# Data supplied

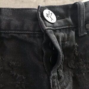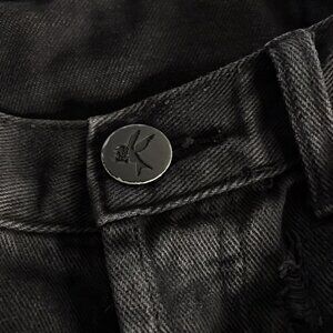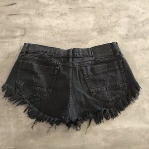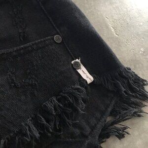 One Teaspoon Bonitas Shorts 26 Black Cut off Denim Button Fly Destroyed Festival
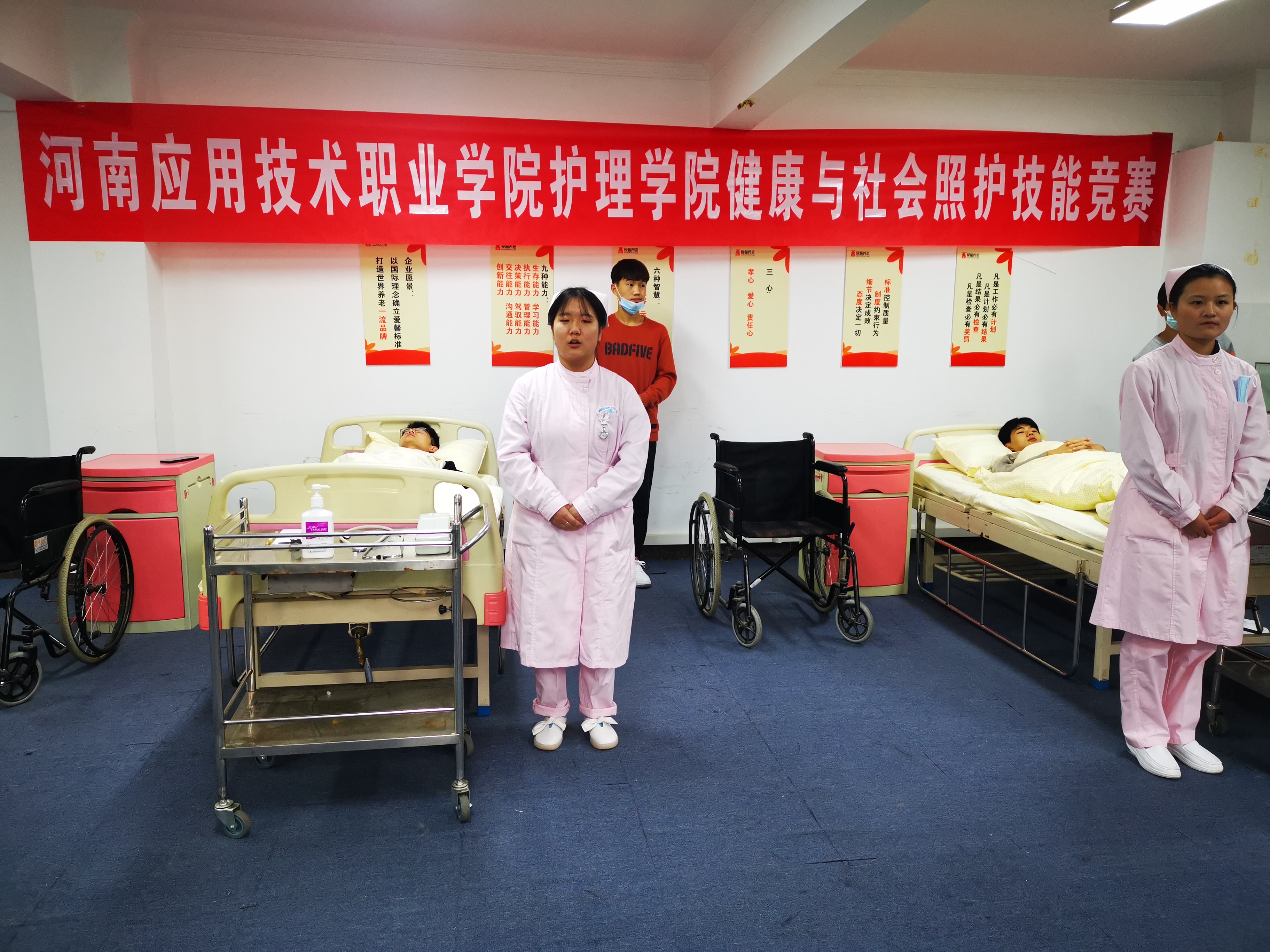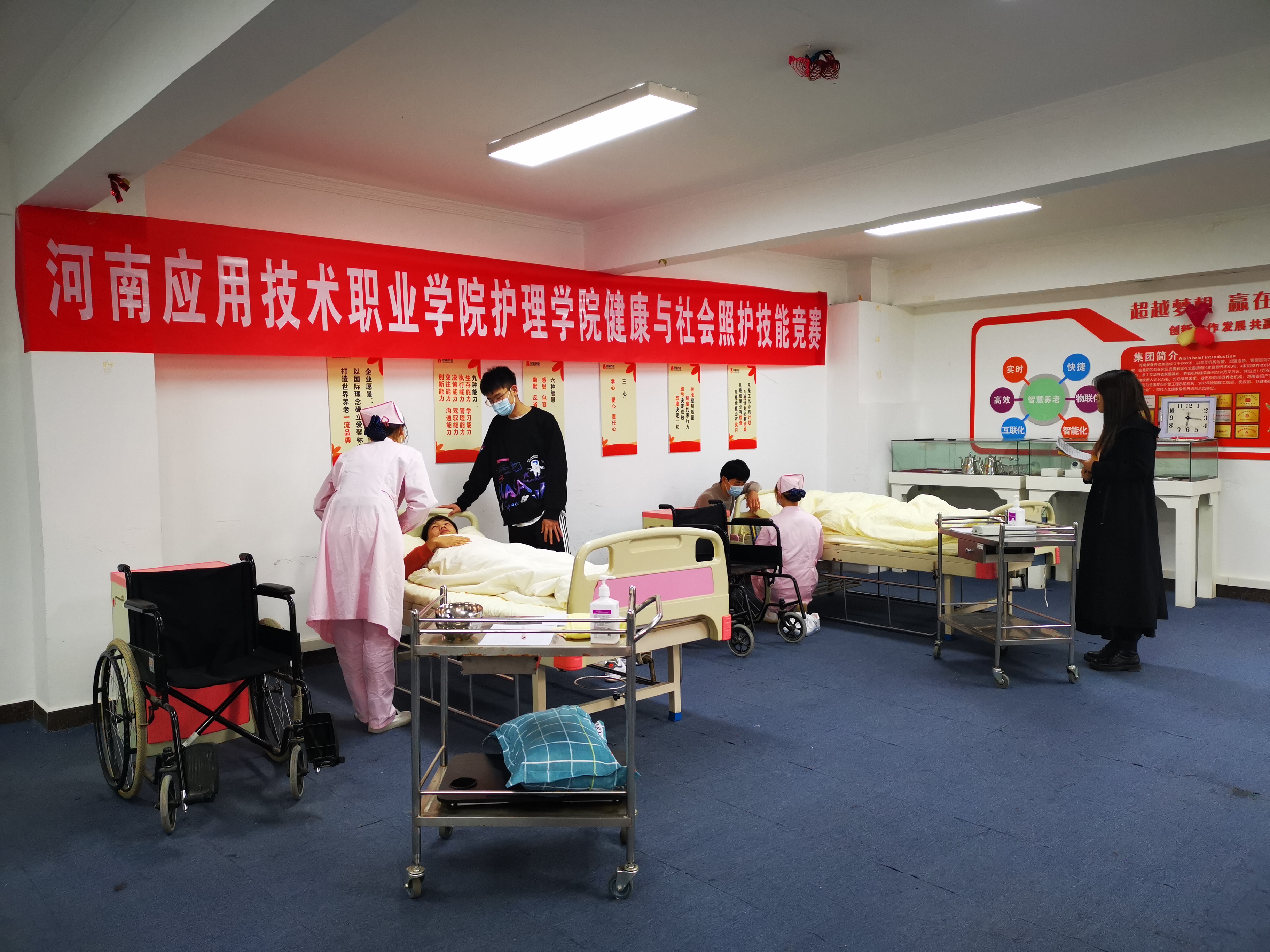 2020年11月27日上午10点,milan米兰体育官网首届健康与社会照护竞赛在河南爱馨养老集团展馆2楼大智慧教室顺利举行。护理学院老年保健与管理专业32名学生参加了此次比赛。本次技能比赛以世界技能大赛健康与社会照护赛项为引领,“以赛促教、以赛促改、赛教融合、赛训融合”,对接国家、行业等标准,以培养选拔国家技能大赛选手和促进职业教育高质量发展为目标,比赛设定医院、长期照护中心、日间照护中心以及家庭四个竞赛模块,不但能够提升参赛者健康与社会照护需要的知识和技能,同时提升其组织管理能力、沟通和人际交往能力、解决问题等能力等。
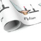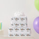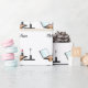 Este papel de empacotamento apresenta a ilustração de um conjunto de maquiagem de Destei. O conjunto de maquiagem inclui rímel preto, batom vermelho, pincel de maquilhagem e pó com espelho. Sob a imagem, há uma área de texto personalizável para um nome.
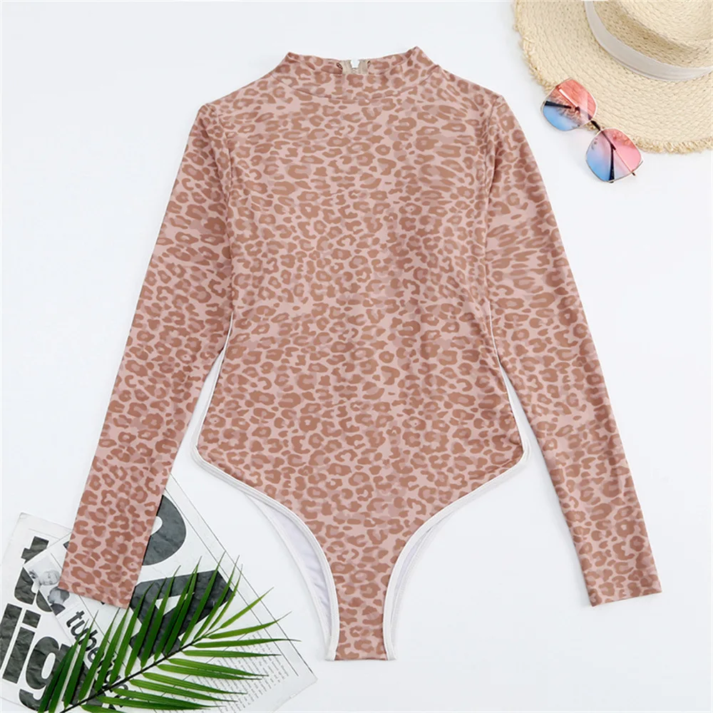 2026 New Long-sleeved Surf Suit Women's Swimsuit Zipper Leopard Print One-piece Diving Suit Swimwear
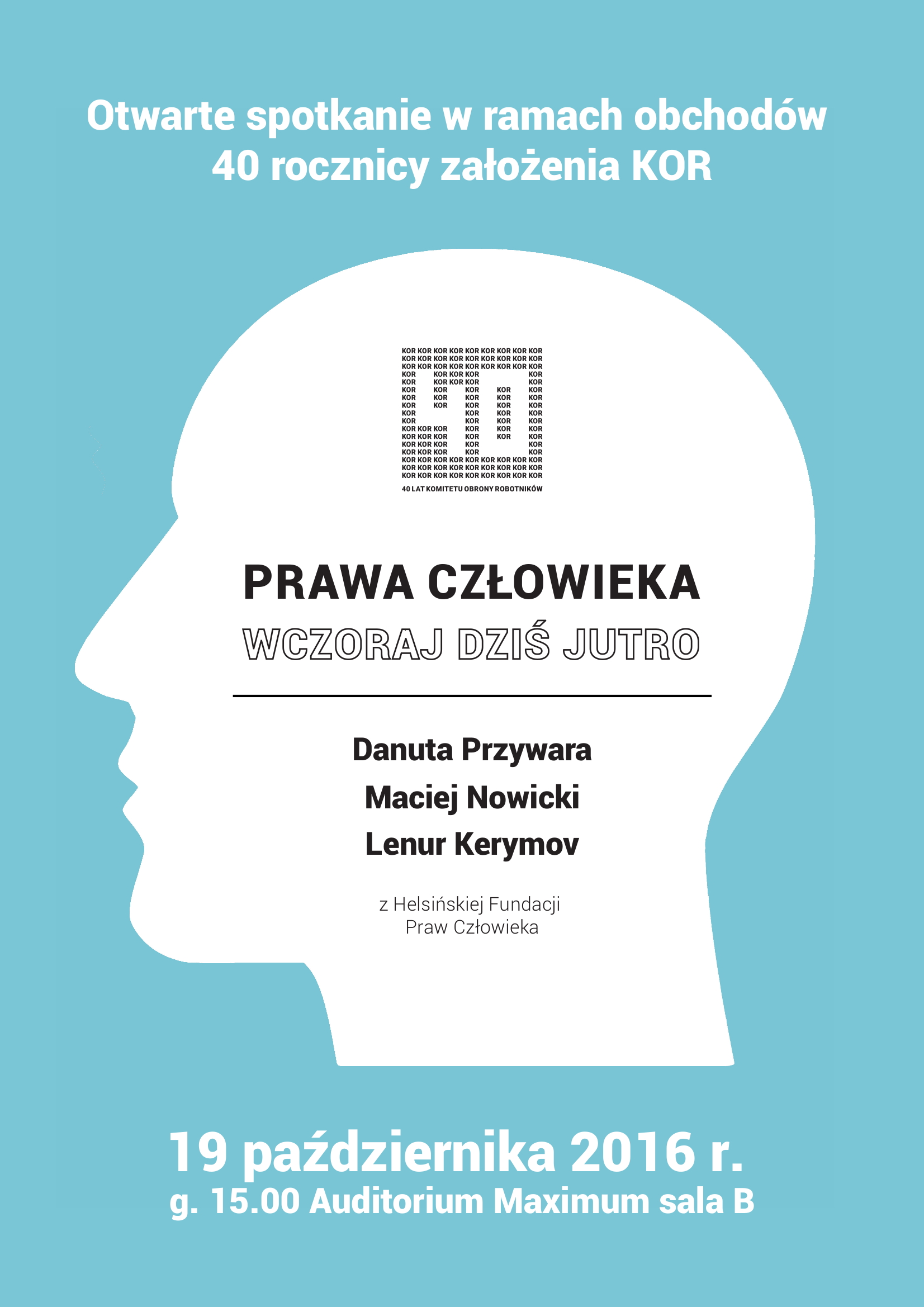 19 października 2016 o godz. 15.00 w Sali B Audytorium Maximum odbędzie się otwarte dla publiczności spotkanie „Prawa człowieka wczoraj, dziś, jutro” z Danutą Przywarą, Lenurem Kerymovem i Maciejem Nowickim z Helsińskiej Fundacji Praw Człowieka.
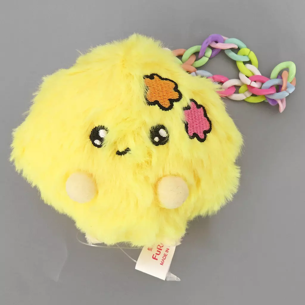 This is a fluffy Plush toy with a chain attached.
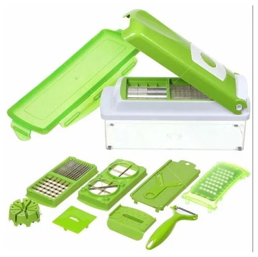Nicer Diser Plus заменит 3 кухонных прибора: овощерезку, тёрку и шинковку. Этот уникальный прибор идеально подходит для фруктов, овощей и мяса, позволяет нарезать продукты кубиками, соломкой, ломтиками, разрезать на 4, 8 кусочков или же натереть. Лезвия Nicer Diser Plus изготовлены из нержавеющей стали и имеют особую конструкцию, благодаря которой не мнут овощи и фрукты с кожурой, поэтому легко режут как помидоры, так и яблоки. В контейнере Nicer Dicer Plus можно хранить продукты, а герметичная крышка, плотно прилегающая к контейнеру, надолго сохранит их свежими. Прибор компактно складывается в один контейнер, поэтому экономит место на кухне. Nicer Dicer Plus легко мыть необходимо просто снять насадки с лезвиями с контейнера и промыть под струёй воды, также прибор можно мыть в посудомоечной машине.

# Exercise
Repeat the data above exactly, images excluded.

# Answer to this problem
 One Teaspoon Bonitas Shorts 26 Black Cut off Denim Button Fly Destroyed Festival
 2020年11月27日上午10点,milan米兰体育官网首届健康与社会照护竞赛在河南爱馨养老集团展馆2楼大智慧教室顺利举行。护理学院老年保健与管理专业32名学生参加了此次比赛。本次技能比赛以世界技能大赛健康与社会照护赛项为引领,“以赛促教、以赛促改、赛教融合、赛训融合”,对接国家、行业等标准,以培养选拔国家技能大赛选手和促进职业教育高质量发展为目标,比赛设定医院、长期照护中心、日间照护中心以及家庭四个竞赛模块,不但能够提升参赛者健康与社会照护需要的知识和技能,同时提升其组织管理能力、沟通和人际交往能力、解决问题等能力等。
 Este papel de empacotamento apresenta a ilustração de um conjunto de maquiagem de Destei. O conjunto de maquiagem inclui rímel preto, batom vermelho, pincel de maquilhagem e pó com espelho. Sob a imagem, há uma área de texto personalizável para um nome.
 2026 New Long-sleeved Surf Suit Women's Swimsuit Zipper Leopard Print One-piece Diving Suit Swimwear
 19 października 2016 o godz. 15.00 w Sali B Audytorium Maximum odbędzie się otwarte dla publiczności spotkanie „Prawa człowieka wczoraj, dziś, jutro” z Danutą Przywarą, Lenurem Kerymovem i Maciejem Nowickim z Helsińskiej Fundacji Praw Człowieka.
 This is a fluffy Plush toy with a chain attached.
Nicer Diser Plus заменит 3 кухонных прибора: овощерезку, тёрку и шинковку. Этот уникальный прибор идеально подходит для фруктов, овощей и мяса, позволяет нарезать продукты кубиками, соломкой, ломтиками, разрезать на 4, 8 кусочков или же натереть. Лезвия Nicer Diser Plus изготовлены из нержавеющей стали и имеют особую конструкцию, благодаря которой не мнут овощи и фрукты с кожурой, поэтому легко режут как помидоры, так и яблоки. В контейнере Nicer Dicer Plus можно хранить продукты, а герметичная крышка, плотно прилегающая к контейнеру, надолго сохранит их свежими. Прибор компактно складывается в один контейнер, поэтому экономит место на кухне. Nicer Dicer Plus легко мыть необходимо просто снять насадки с лезвиями с контейнера и промыть под струёй воды, также прибор можно мыть в посудомоечной машине.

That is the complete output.